TODO: isn't syntax ugly? Should it be more imperative? Is setstate/getstate

used?

.. note:: It's easy to build a more declarative layer on top of this protocol.

   I.e. for some ORM model, you might reuse field names and types. But the

   important property to keep in mind is that you should not rely on field

   order for numbering fields and **numbers must be explicit**, or otherwise

   removing a field might go unnoticed.

   Apart from that, integrating probor data types with model and/or validation

   code is encouraged. And that's actually a reason why we don't provide a

   nicer syntax for this low-level declarations.

Similarly in Rust it looks like:

.. code-block:: rust

    #[macro_use] extern crate probor;

    use probor::{Encoder, Encodable};

    use probor::{Decoder, Config, decode};

    use std::io::Cursor;

    probor_struct!(

    #[derive(PartialEq, Eq, Debug)]

    struct Page {

        url: String => (#0),

        title: String => (#1),

        snippet: Option => (#2 optional),

    });

    probor_struct!(

    #[derive(PartialEq, Eq, Debug)]

    struct SearchResults {

        total_results: u64 => (#0),

        results: Vec => (#1),

    });

    fn main() {

        let buf = Vec::new();

        let mut enc = Encoder::new(buf);

        SearchResults {

            total_results: 112,

            results: vec![Page {

                url: "http://url1.example.com".to_string(),

                title: "One example".to_string(),

                snippet: None,

            }, Page {

                url: "http://url2.example.com".to_string(),

                title: "Two example".to_string(),

                snippet: Some("Example Two".to_string()),

            }],

        }.encode(&mut enc).unwrap();

        let sr: SearchResults = decode(

            &mut Decoder::new(Config::default(), Cursor::new(enc.into_writer())))

            .unwrap();

        println!("Results {:?}", sr);

    }

The Rust example is a bit longer which is bearable for rust.  It's hugely based on

macros, which may seem as similar to code generation.

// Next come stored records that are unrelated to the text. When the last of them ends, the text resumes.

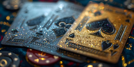 Closeup of metallic casino cards featuring black and red aces suitable for poker blackjack and baccarat. Concept Casino Cards, Closeup Photography, Black Aces, Red Aces, Poker Blackjack Baccarat
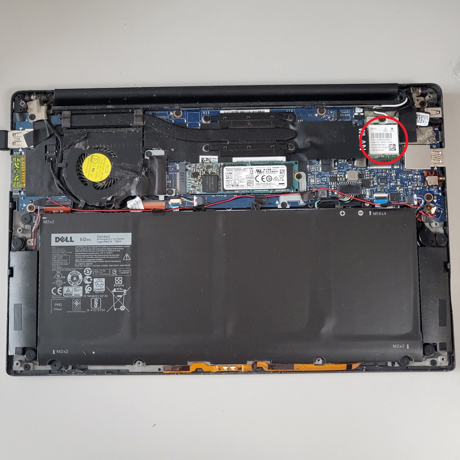 후면 케이스를 뜯으면 우측 상단에 빨간색 동그라미를 친 부분이 교체할 랜카드가 있는 위치이다.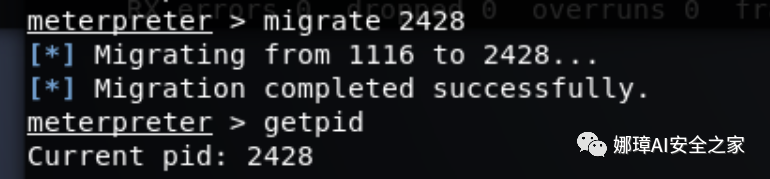 完成进程迁移后,再次输入getpid命令查看Meterpreter Shel的进程号,发现PID已经变成了2428,说明已经成功迁移到Explorer.exe进程里,原先PID为1116的进程会自动关闭,如图所示。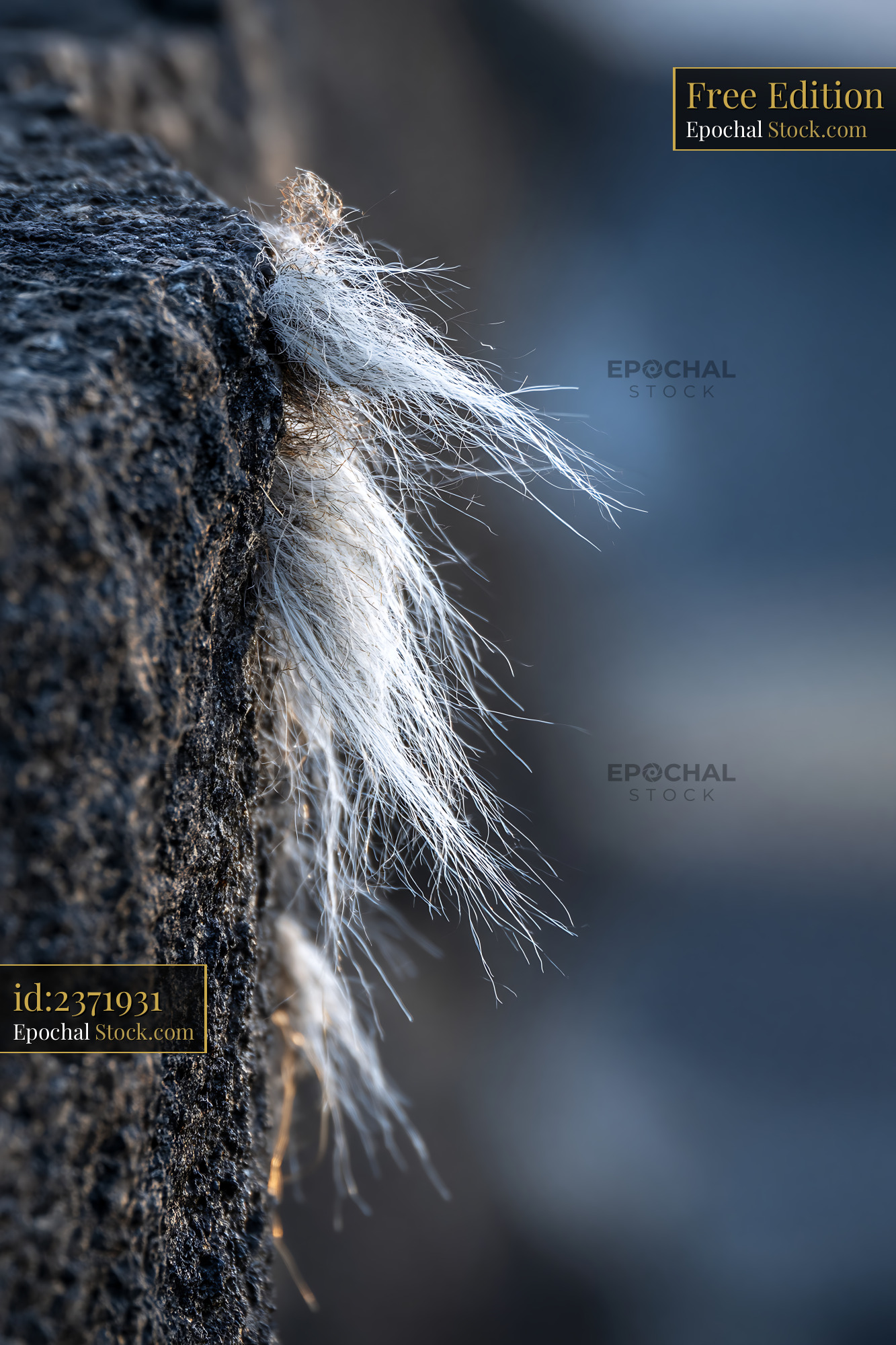 A close-up shot of a tuft of white animal fur snagged on the sharp edge of a dark, weathered stone, symbolizing traces of wildlife, passage, and the remnants of nature in a quiet, moody setting.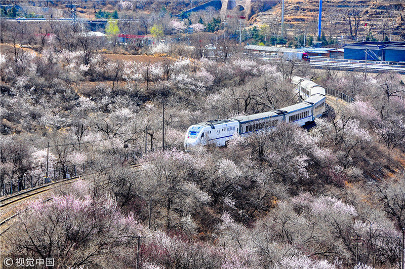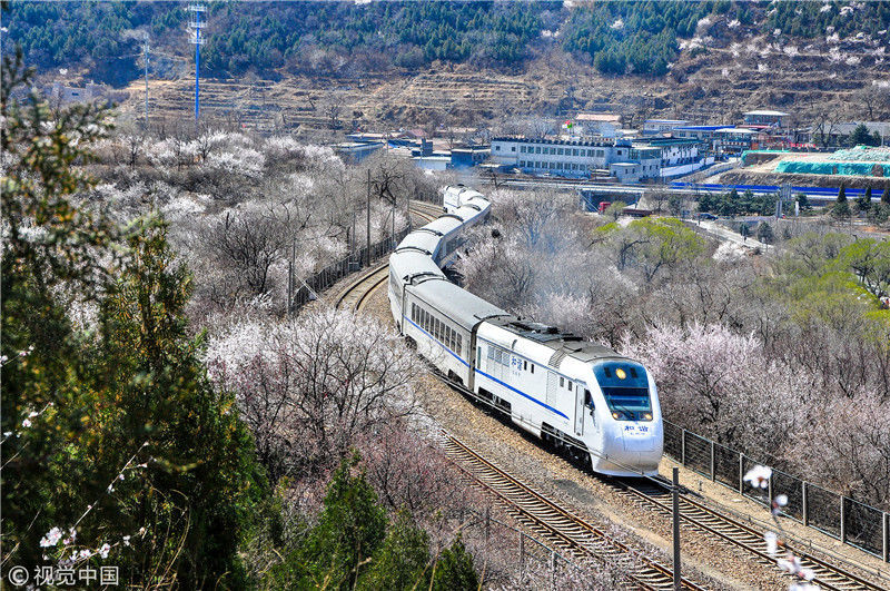 2019年3月22日,北京居庸關(guān)附近的山花盛開(kāi),S2線(xiàn)列車(chē)穿行在花海之中,構(gòu)成一幅美麗的畫(huà)面。時(shí)永平/千龍圖像/視覺(jué)中國(guó)編輯/陳進(jìn)

Still, we find it better,

because you are in control of at least the following things:

1. The specific types used (e.g. u64 for int)

2. The structure definition (may use meta attributes including

   ``derive`` and ``repr`` and may use ``struct T(X, Y)``)

3. How objects are created (e.g. use ``VecDeque`` or ``BTreeMap`` instead of

   default ``Vec`` and ``HashMap``)

4. How missing fields are handled (e.g. you can provide defaults for missing

   fields instead of using ``Option``)

5. You can include application-specific validation code

.. note:: Leaving the parentheses empty will result in the field

   strings stored as part of the payload.

   This would undermine the goal of reducing byte count of data stored,

   and in such cases, one may as well use CBOR directly.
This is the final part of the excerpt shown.